-- Information supplied follows --
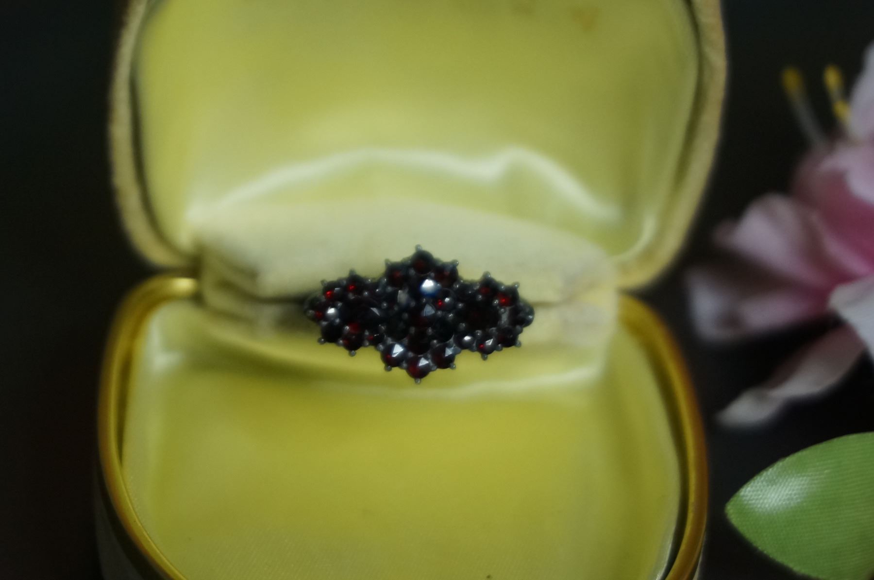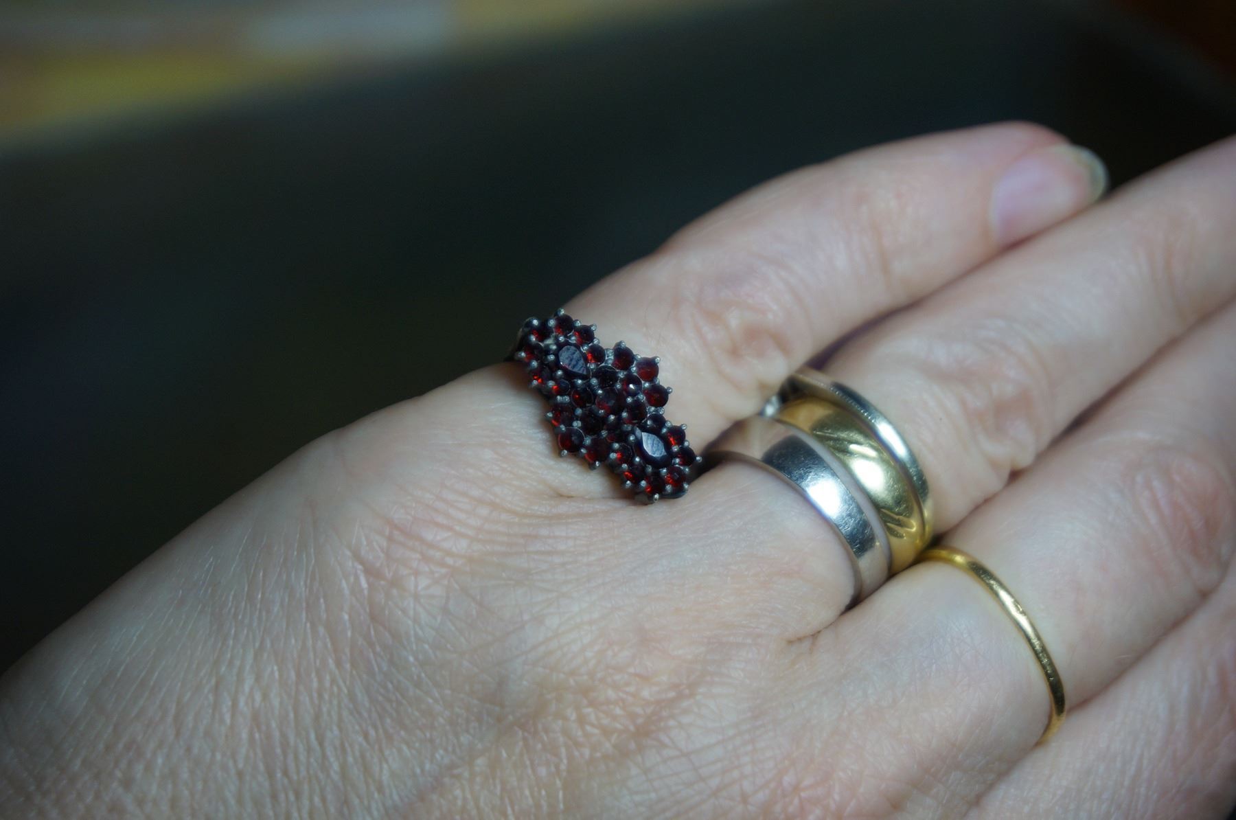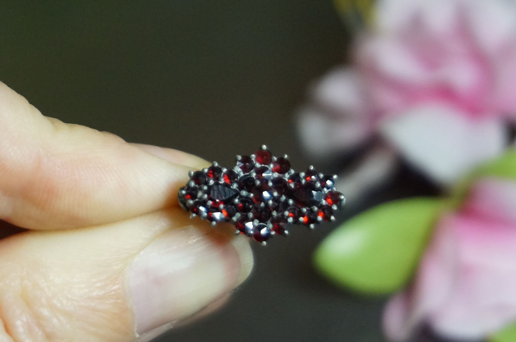 the ring has 29 natural rose cut garnets in variety of shape
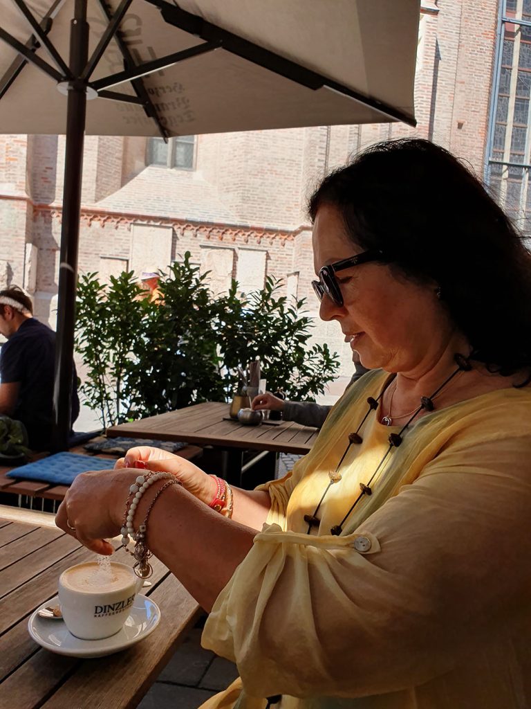 Teraz już tylko marzyliśmy o kawie w jakiejś przytulnej kafejce na starym mieście. Po dotarciu do parkingu – co w Monachium nie jest takie łatwe – wybraliśmy się pieszo na monachijską starówkę. Znaleźliśmy miejsca w ogródku kawiarni przy samej katedrze, gdzie w cudownej atmosferze zabytkowych murów wypiliśmy pyszną, świeżo paloną kawkę.
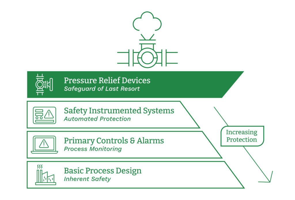 A simplified layer-of-protection diagram showing basic process control, alarms/interlocks, operator response and pressure relief as the final safeguard. Pressure relief is the last independent layer protecting people, assets and the environment when all other layers fail.
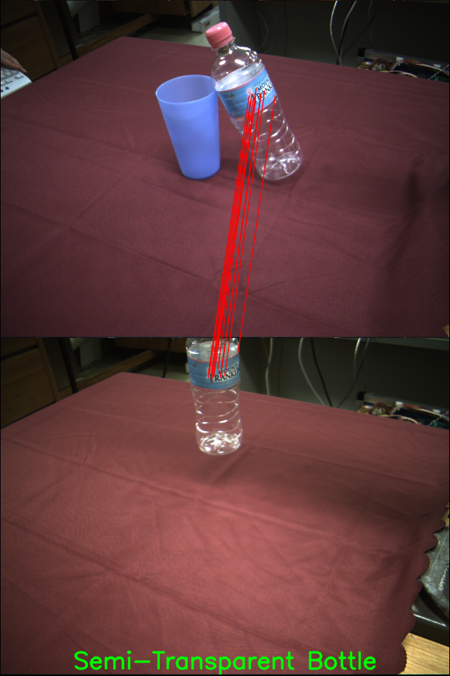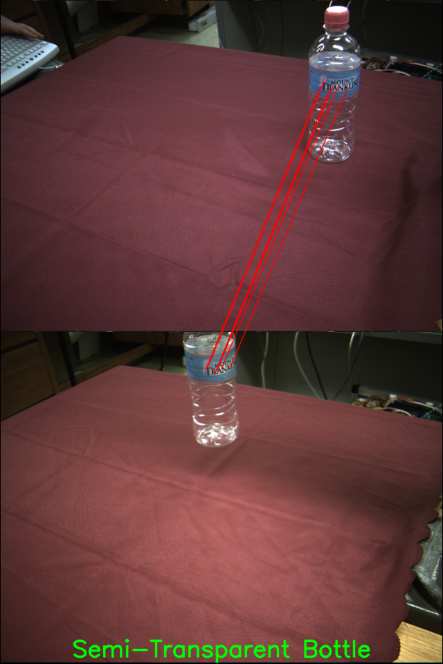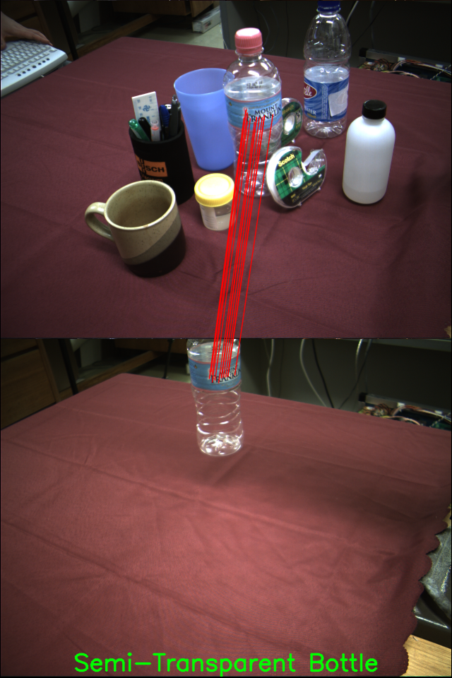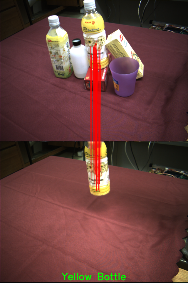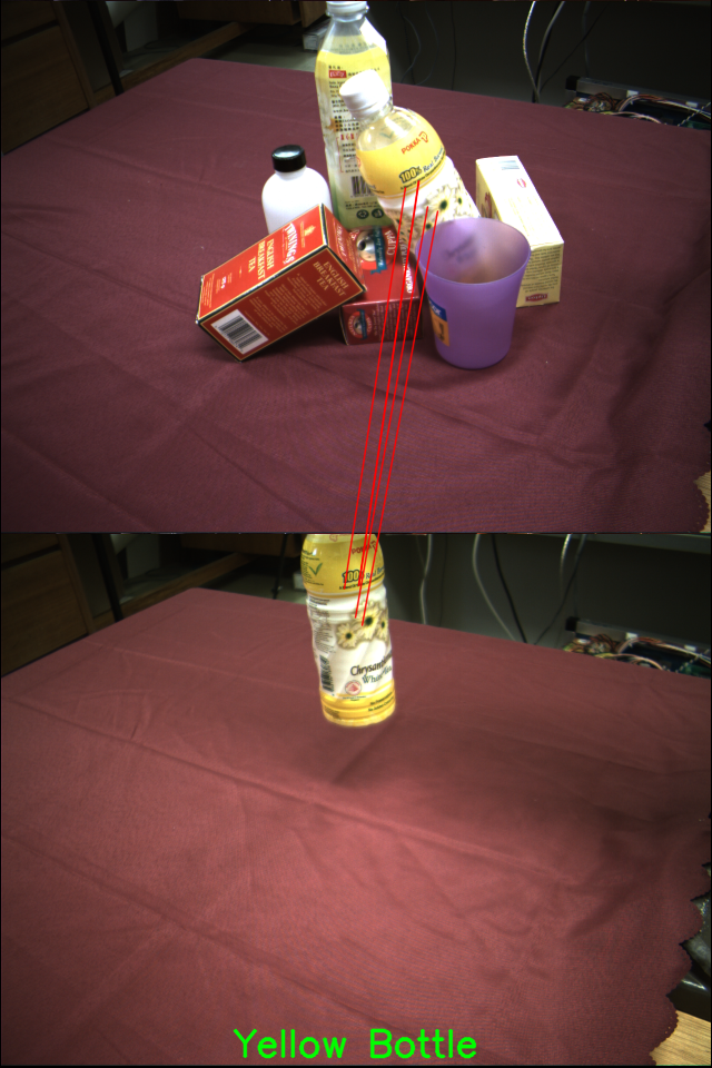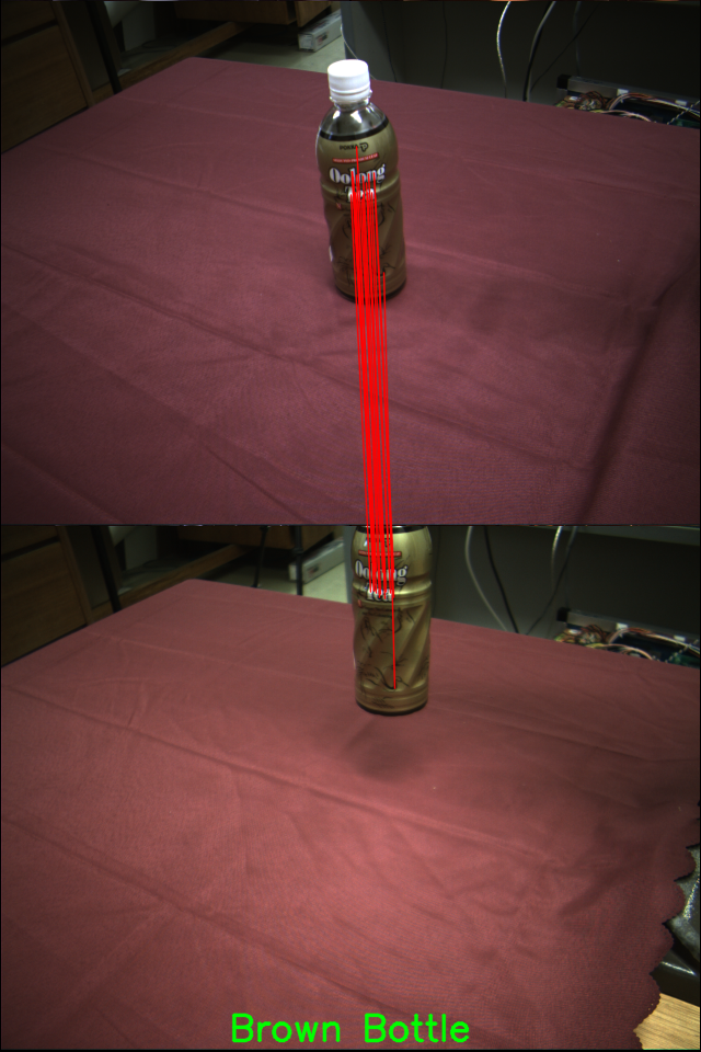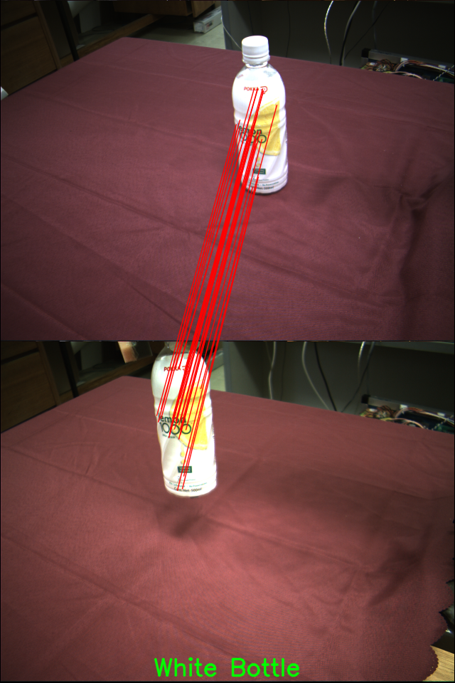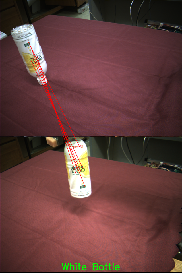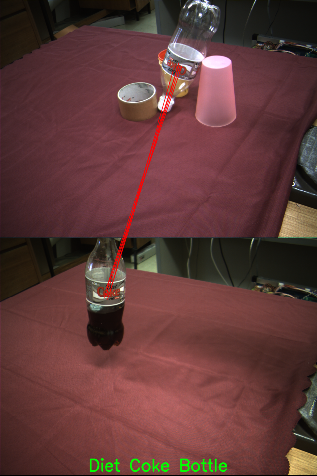 The object recognition results are organized next to the corresponding object learning video. Four test images are used for each object. The object recognition results are available via the links numbered from 00 to 03. Each result image shows the test image above the matching training image returned by the recognition system. The recognized object label is printed in green. The red lines represent the SIFT descriptor matches between the test image and the training image.
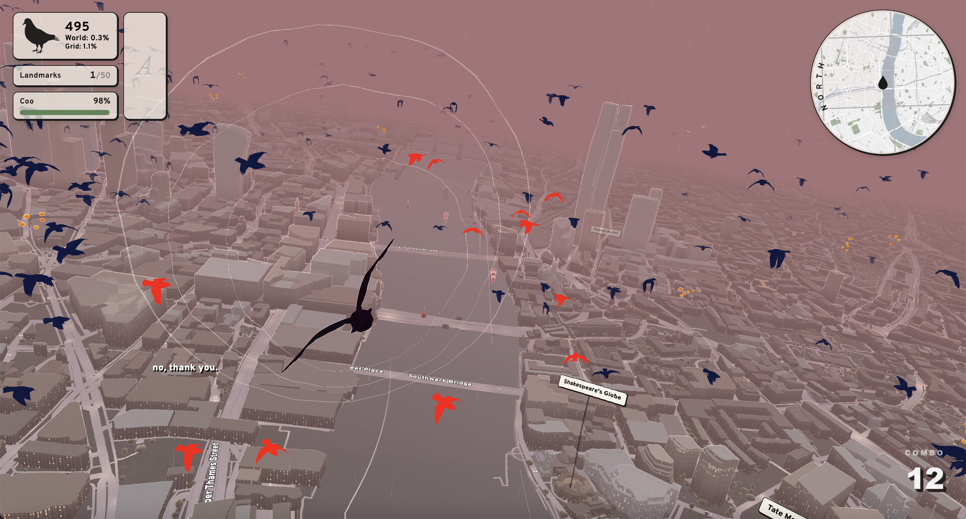 es un juego en el que vuelas sobre réplicas a escala real de ciudades icónicas en busca de tu alma gemela con forma de paloma.
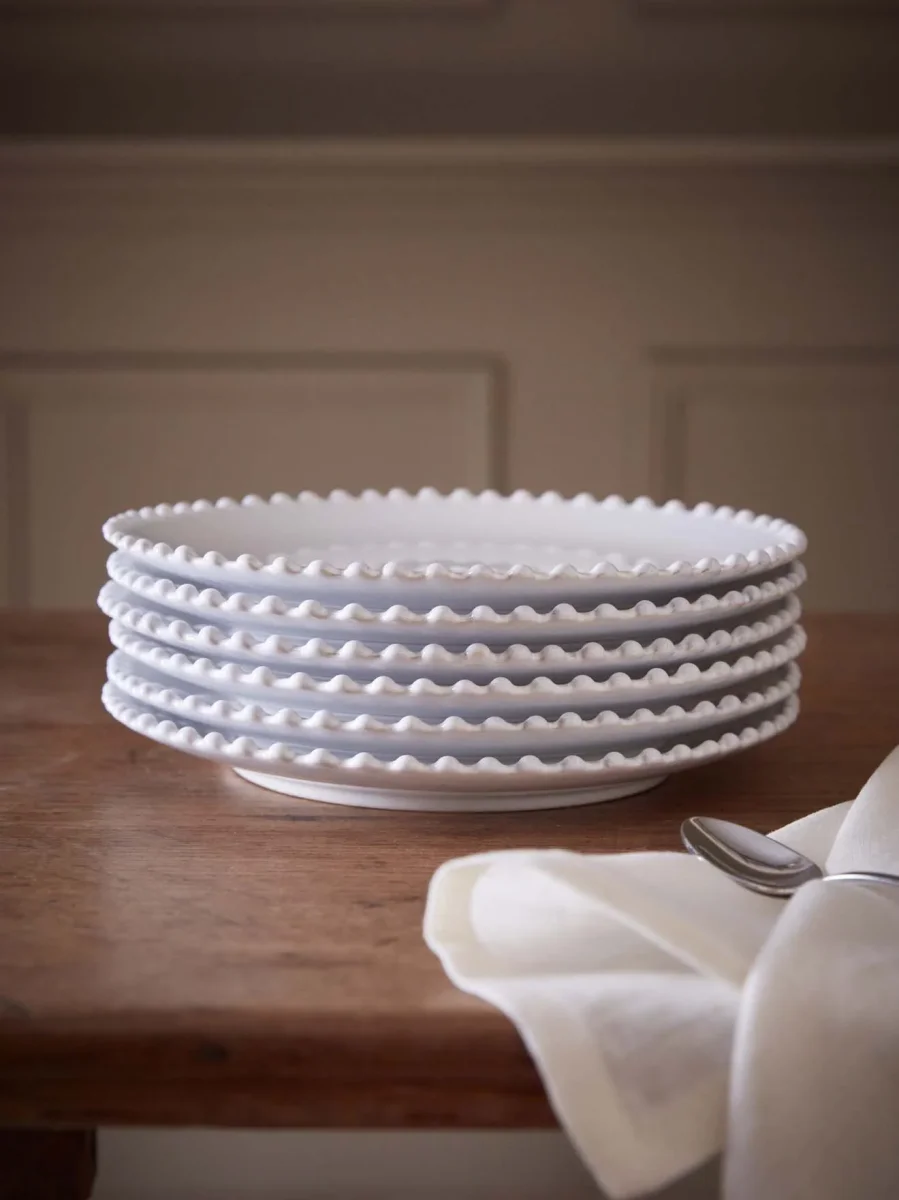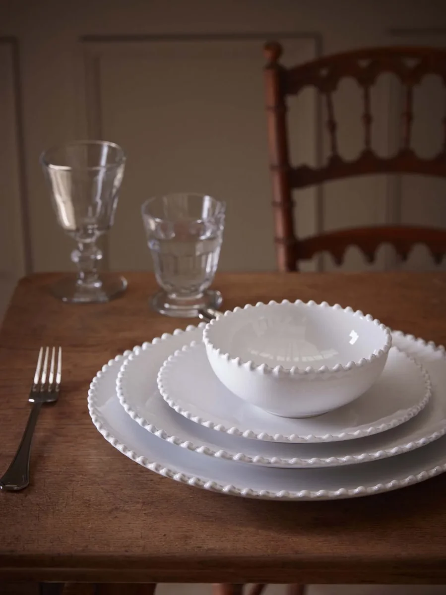 La gamme Perle est produite par la marque de céramique de table Costa Nova. Originaire du charmant village éponyme situé sur la côte Portugaise, Costa Nova est reconnue pour la qualité et la durabilité de ses produits. La gamme Perle a été élaborée dans un style élégant et raffiné ; elle est reconnaissable par sa finition dentelée. Une manière raffinée de présenter des pâtisseries.
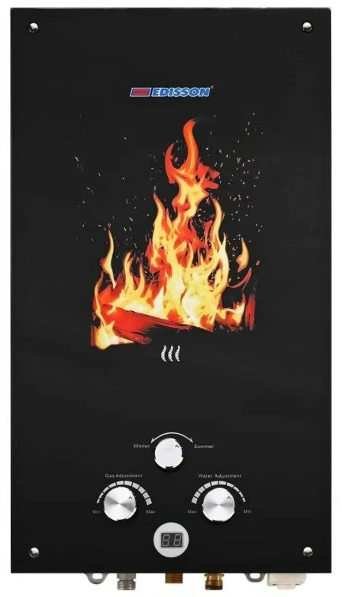Газовая колонка EDISSON (Эдиссон) F 20 GD (Костер) – это функциональный, безопасный, высокопроизводительный и экономичный прибор для подогрева воды, работающий на природном газе. Внешний облик агрегат заслуживает особого внимания: стильный корпус с черной лицевой панелью удачно дополнен «огненным» декором. Такое дизайнерское решение станет отличным выбором для современных ванных комнат.
-- Information supplied concluded --
What you will do :: Up to and including the line with "Teraz już tylko", copy the data above from its first line. Skip pictures.

Problem solution ::
 the ring has 29 natural rose cut garnets in variety of shape
 Teraz już tylko marzyliśmy o kawie w jakiejś przytulnej kafejce na starym mieście. Po dotarciu do parkingu – co w Monachium nie jest takie łatwe – wybraliśmy się pieszo na monachijską starówkę. Znaleźliśmy miejsca w ogródku kawiarni przy samej katedrze, gdzie w cudownej atmosferze zabytkowych murów wypiliśmy pyszną, świeżo paloną kawkę.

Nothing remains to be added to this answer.